EXERCISE DATA:

━━━━━━━━━━

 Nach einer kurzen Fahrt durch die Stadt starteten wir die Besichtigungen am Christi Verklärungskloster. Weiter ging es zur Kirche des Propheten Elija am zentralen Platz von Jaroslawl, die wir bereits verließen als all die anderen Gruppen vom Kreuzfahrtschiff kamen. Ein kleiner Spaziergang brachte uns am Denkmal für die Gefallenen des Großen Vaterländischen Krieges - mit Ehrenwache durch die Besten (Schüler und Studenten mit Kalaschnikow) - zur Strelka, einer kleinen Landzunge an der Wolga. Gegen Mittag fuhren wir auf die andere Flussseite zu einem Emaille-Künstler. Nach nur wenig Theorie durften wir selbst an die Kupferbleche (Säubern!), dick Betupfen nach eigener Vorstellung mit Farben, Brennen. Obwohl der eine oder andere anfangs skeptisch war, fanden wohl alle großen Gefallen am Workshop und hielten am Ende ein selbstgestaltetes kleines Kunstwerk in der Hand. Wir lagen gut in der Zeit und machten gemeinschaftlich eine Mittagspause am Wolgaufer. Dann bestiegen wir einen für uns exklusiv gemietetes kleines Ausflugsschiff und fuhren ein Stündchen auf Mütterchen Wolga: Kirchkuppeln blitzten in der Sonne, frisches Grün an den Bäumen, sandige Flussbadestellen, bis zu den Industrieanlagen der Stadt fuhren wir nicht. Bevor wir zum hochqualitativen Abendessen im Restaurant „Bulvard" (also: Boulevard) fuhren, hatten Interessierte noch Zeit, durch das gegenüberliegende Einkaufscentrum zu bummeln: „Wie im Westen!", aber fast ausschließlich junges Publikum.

━━━━━━━━━━

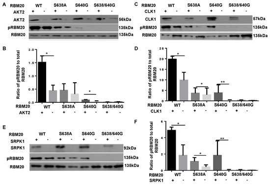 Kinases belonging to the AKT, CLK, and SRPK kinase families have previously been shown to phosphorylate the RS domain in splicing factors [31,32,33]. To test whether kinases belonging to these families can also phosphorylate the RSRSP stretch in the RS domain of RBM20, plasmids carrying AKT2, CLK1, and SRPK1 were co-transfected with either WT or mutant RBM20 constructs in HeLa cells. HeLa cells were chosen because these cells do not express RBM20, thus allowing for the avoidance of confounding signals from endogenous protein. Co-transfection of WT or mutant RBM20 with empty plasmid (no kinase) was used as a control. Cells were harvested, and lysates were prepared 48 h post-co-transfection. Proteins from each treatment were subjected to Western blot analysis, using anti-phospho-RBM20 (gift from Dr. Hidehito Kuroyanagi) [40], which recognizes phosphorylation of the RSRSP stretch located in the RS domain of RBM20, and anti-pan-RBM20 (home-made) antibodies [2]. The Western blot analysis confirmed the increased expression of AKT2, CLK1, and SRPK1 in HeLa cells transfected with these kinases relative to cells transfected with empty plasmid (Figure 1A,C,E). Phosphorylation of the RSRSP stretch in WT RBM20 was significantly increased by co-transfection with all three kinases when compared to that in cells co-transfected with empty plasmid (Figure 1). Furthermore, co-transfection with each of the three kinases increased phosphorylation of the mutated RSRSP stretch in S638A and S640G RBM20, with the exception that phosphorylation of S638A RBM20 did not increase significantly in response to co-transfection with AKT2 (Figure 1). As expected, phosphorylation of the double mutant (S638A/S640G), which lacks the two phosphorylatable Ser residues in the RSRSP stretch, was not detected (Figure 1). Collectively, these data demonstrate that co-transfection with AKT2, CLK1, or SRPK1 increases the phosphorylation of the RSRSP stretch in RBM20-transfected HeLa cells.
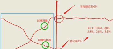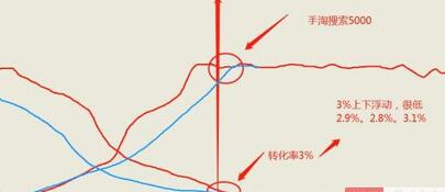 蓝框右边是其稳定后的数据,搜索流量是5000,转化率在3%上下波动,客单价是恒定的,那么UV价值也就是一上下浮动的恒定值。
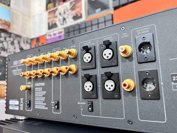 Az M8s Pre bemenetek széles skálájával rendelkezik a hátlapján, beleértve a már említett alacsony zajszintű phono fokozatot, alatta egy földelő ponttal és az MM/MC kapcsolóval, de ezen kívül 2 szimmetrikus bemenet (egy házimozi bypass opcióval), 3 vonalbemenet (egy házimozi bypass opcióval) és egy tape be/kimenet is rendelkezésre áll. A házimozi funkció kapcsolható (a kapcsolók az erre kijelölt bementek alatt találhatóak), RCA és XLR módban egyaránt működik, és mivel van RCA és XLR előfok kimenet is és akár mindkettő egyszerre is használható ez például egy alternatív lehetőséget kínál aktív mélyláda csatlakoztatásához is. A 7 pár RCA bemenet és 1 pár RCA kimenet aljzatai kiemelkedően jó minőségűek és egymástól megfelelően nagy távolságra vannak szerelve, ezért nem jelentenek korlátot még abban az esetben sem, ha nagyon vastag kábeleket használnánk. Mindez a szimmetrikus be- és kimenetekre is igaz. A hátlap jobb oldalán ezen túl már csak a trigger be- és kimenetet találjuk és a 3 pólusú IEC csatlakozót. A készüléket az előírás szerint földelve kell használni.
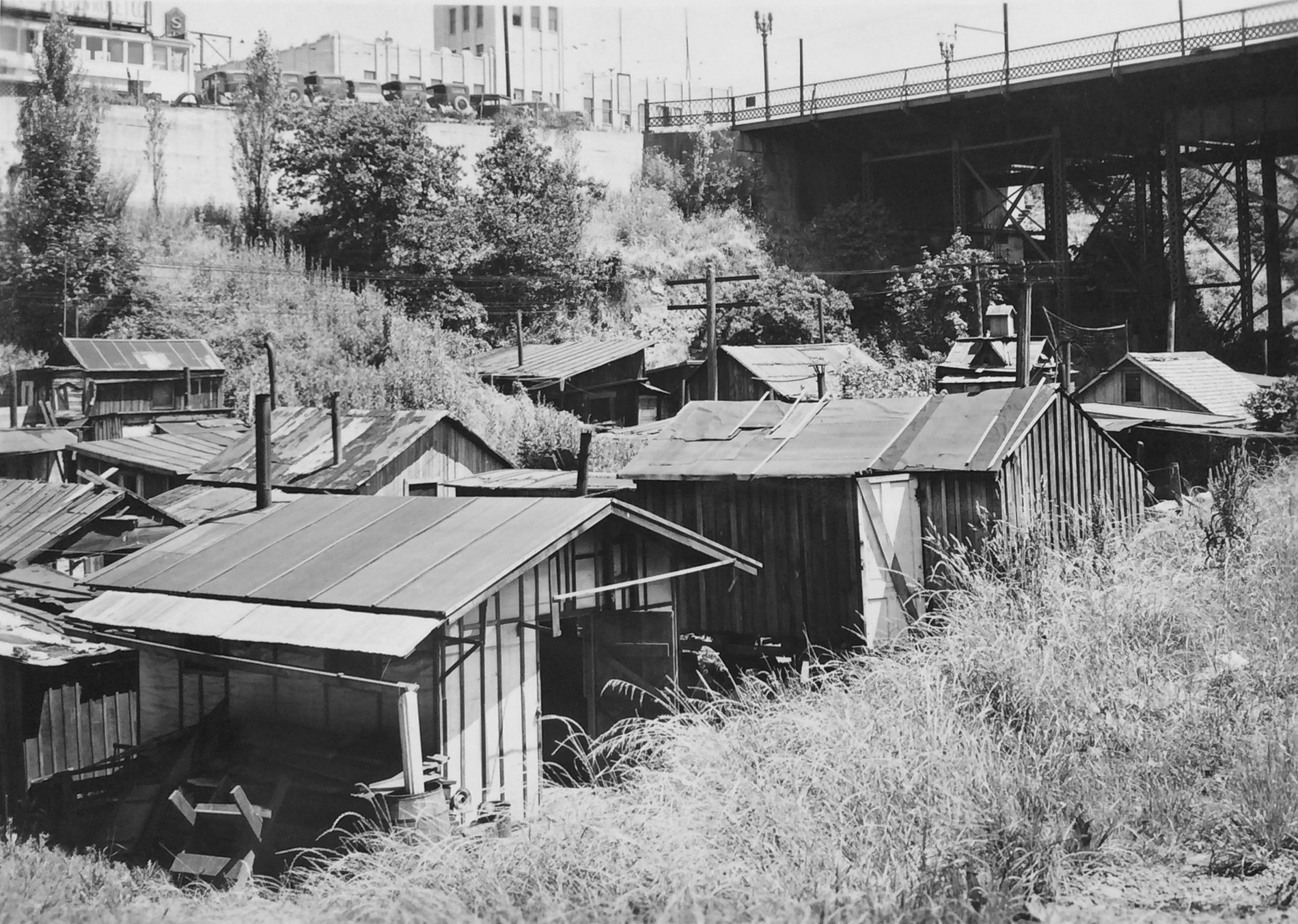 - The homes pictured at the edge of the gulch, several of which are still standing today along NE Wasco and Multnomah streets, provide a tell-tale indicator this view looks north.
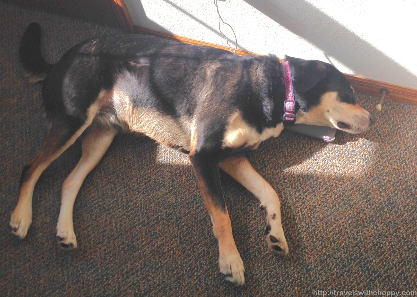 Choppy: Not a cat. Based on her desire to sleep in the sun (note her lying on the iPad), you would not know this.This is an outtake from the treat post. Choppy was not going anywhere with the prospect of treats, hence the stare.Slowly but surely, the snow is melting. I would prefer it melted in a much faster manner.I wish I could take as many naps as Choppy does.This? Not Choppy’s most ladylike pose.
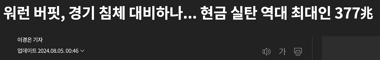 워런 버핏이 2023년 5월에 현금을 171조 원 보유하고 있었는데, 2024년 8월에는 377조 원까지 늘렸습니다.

━━━━━━━━━━

GOAL OF THE EXERCISE:
Return, exactly as they stand, the lines above from the one with "Choppy: Not a" to the one with "워런 버핏이 2023년", omitting any pictures among them.

TASK ANSWER:
 Choppy: Not a cat. Based on her desire to sleep in the sun (note her lying on the iPad), you would not know this.This is an outtake from the treat post. Choppy was not going anywhere with the prospect of treats, hence the stare.Slowly but surely, the snow is melting. I would prefer it melted in a much faster manner.I wish I could take as many naps as Choppy does.This? Not Choppy’s most ladylike pose.
 워런 버핏이 2023년 5월에 현금을 171조 원 보유하고 있었는데, 2024년 8월에는 377조 원까지 늘렸습니다.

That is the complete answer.